__Given information__.
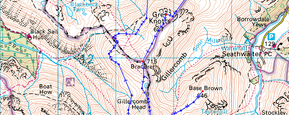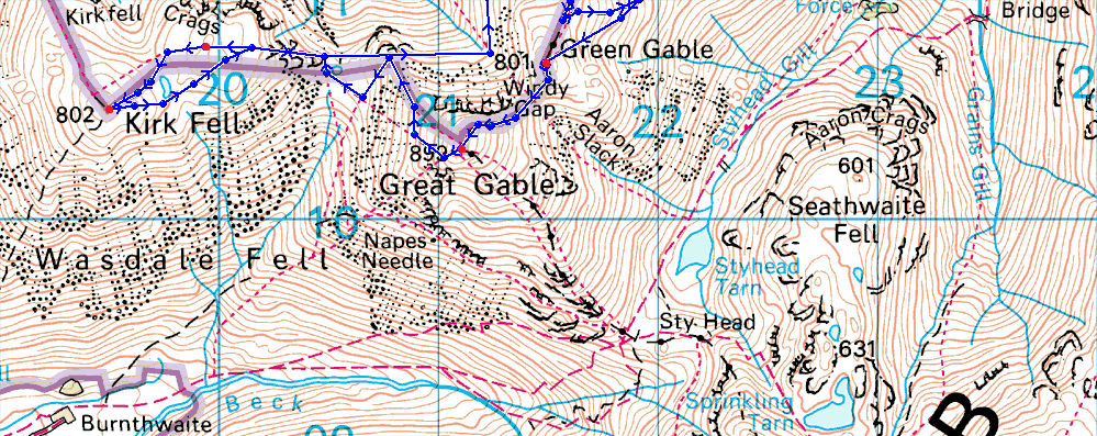 Honister Pass – Grey Knotts – Brandreth – Base Brown - Green Gable – Windy Gap – Great Gable – Beck Head – Kirk Fell (North Top) – Kirk Fell – Beck Head – Moses Trod – Drum House – Honister Pass |
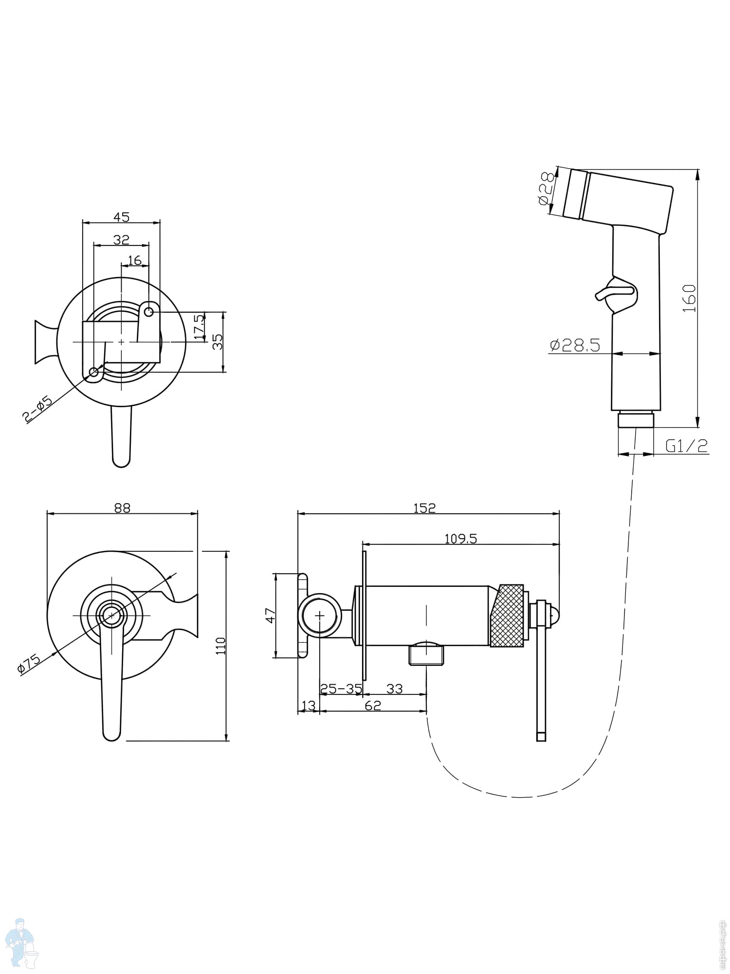 Уценка!Смеситель Paini Aosta настенный (накладной), однозахватный, гигиенический душ, хром 92CR304KMКод: 249831У1 отзыв
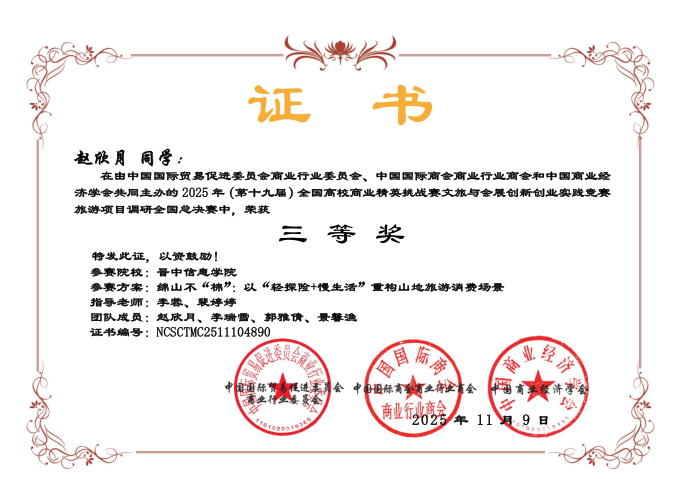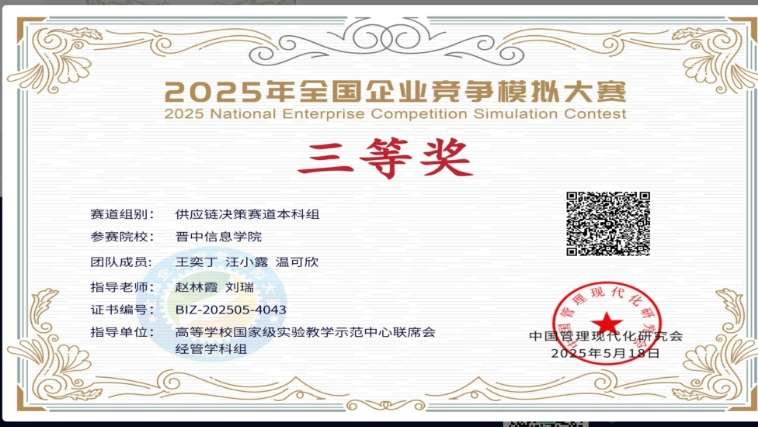 近三年学生参加全国大学生统计建模大赛、商业精英挑战赛、企业价值竞争竞赛、农产品营销模拟大赛等学科竞赛,参与覆盖率超60%,累计获奖人次达90+,斩获国家级奖项20余项、省级奖项12项。

__Task instructions__. Please extract exactly the lines of the data, from the first through the line containing "Уценка!Смеситель Paini Aosta", and add no pictures to the copy.

__Exercise answer__.
 Honister Pass – Grey Knotts – Brandreth – Base Brown - Green Gable – Windy Gap – Great Gable – Beck Head – Kirk Fell (North Top) – Kirk Fell – Beck Head – Moses Trod – Drum House – Honister Pass |
 Уценка!Смеситель Paini Aosta настенный (накладной), однозахватный, гигиенический душ, хром 92CR304KMКод: 249831У1 отзыв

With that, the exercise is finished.